Source data

= = =

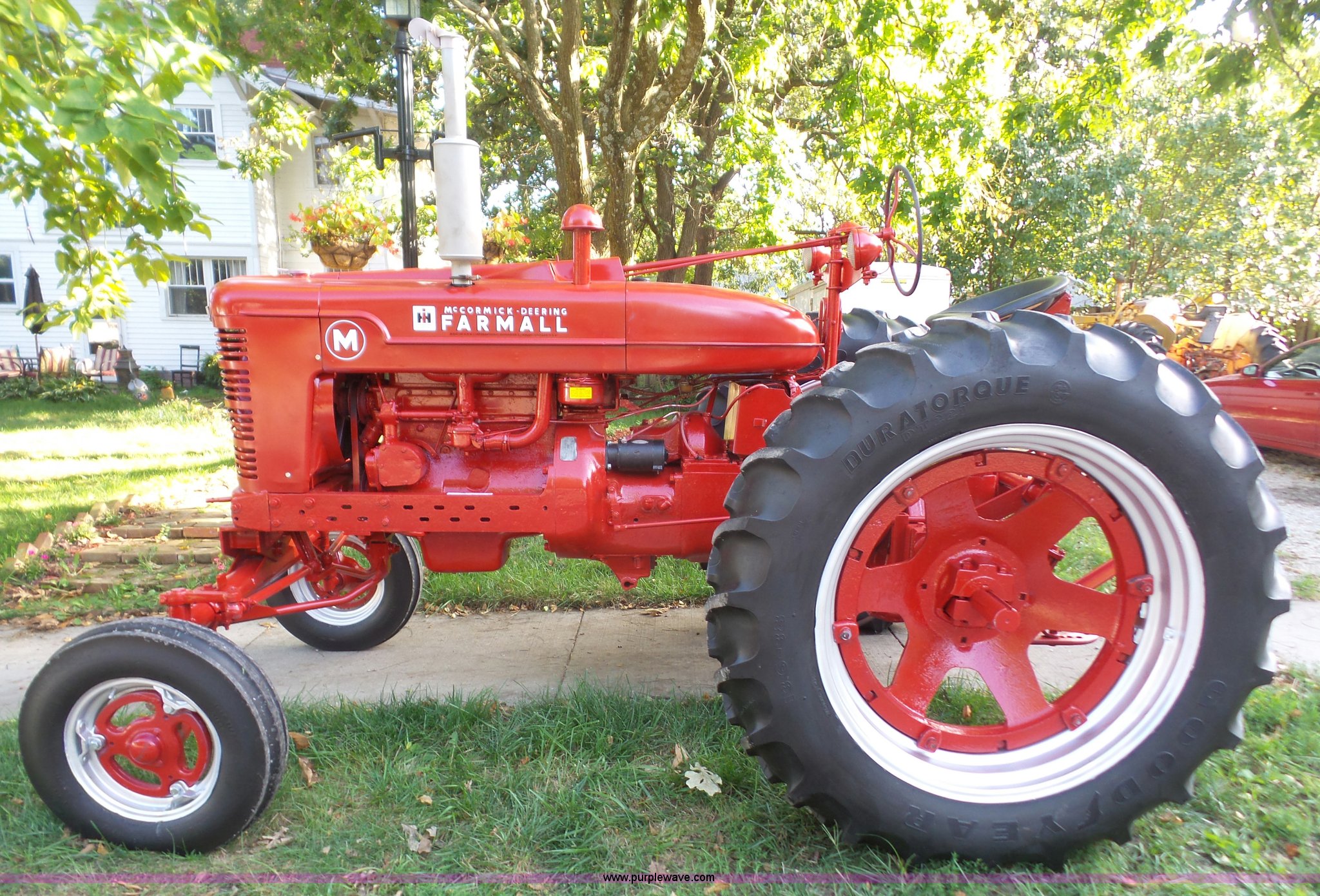 Purple Wave is selling a used Tractor in Kansas. This item is a 1949 Farmall M tractor with the following: International Harvester 4.1L four cylinder gas engine, 38 HP, Manual transmission, 5F-1R gears, Three point, 540 PTO, 6.00-16 front tires, 13.6-38 rear tires, Serial FBK207497X1
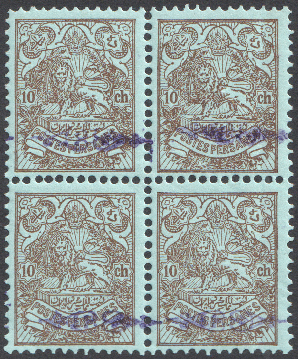 ده شاهی محمدعلی شاه با رو چاپ معروف به پروانه
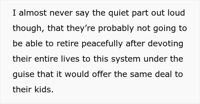 In the OP’s own words, they have talked to a lot of boomers and they “are clueless as to how hard younger generations have it, and how there’s no incentive to perpetuate the system.” The original poster wonders how the older generation can even retire peacefully after they’ve worked hard for this very system that now can’t provide the same deal to their own children and grandchildren.
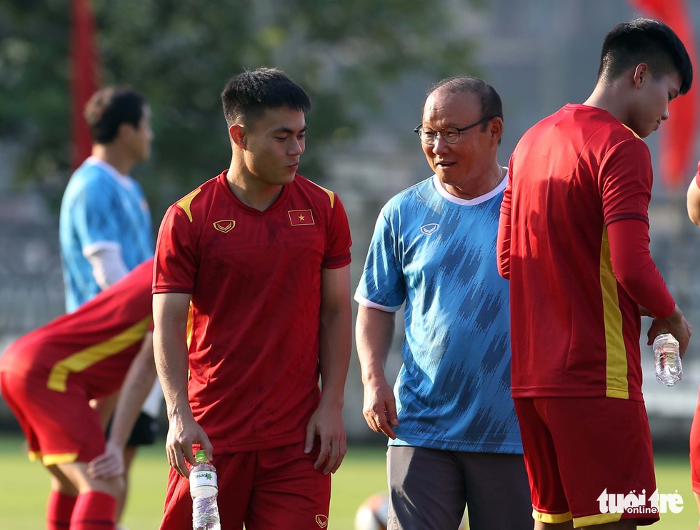 Ông Park đá bóng qua hai chân tiền đạo Tiến Linh để trêu cậu học trò - Ảnh: N.K
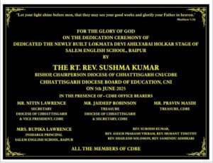 रायपुर सलेम इंग्लिश स्कूल, रायपुर में दिनांक 5 जून 2025 को एक ऐतिहासिक और गौरवपूर्ण क्षण का साक्षी बना, जब...
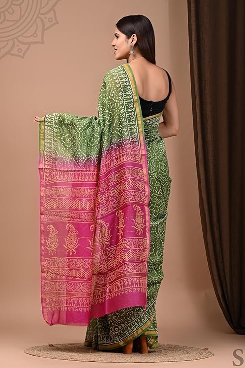 Voltrix Eddika Hand Block Printed Pure Chanderi Silk Saree | Chanderi Silk Saree for Women (L)
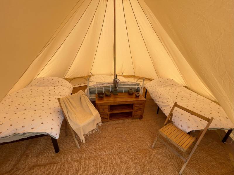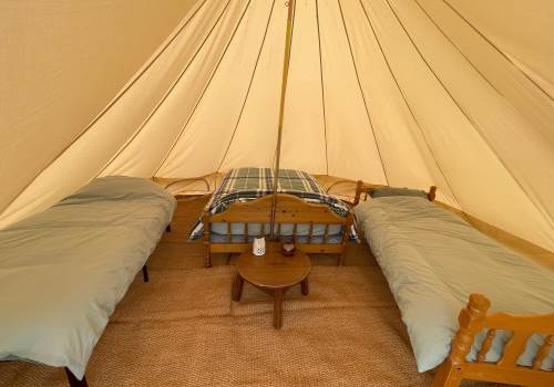Nicely furnished bell tent with one double bed and two single beds.

= = =

Your copy should consist solely of the lines from the line containing "In the OP’s" through the last line of the records above, reproduced exactly, with the pictures left out.

• _RESPONSE BELOW_:
 In the OP’s own words, they have talked to a lot of boomers and they “are clueless as to how hard younger generations have it, and how there’s no incentive to perpetuate the system.” The original poster wonders how the older generation can even retire peacefully after they’ve worked hard for this very system that now can’t provide the same deal to their own children and grandchildren.
 Ông Park đá bóng qua hai chân tiền đạo Tiến Linh để trêu cậu học trò - Ảnh: N.K
 रायपुर सलेम इंग्लिश स्कूल, रायपुर में दिनांक 5 जून 2025 को एक ऐतिहासिक और गौरवपूर्ण क्षण का साक्षी बना, जब...
 Voltrix Eddika Hand Block Printed Pure Chanderi Silk Saree | Chanderi Silk Saree for Women (L)
Nicely furnished bell tent with one double bed and two single beds.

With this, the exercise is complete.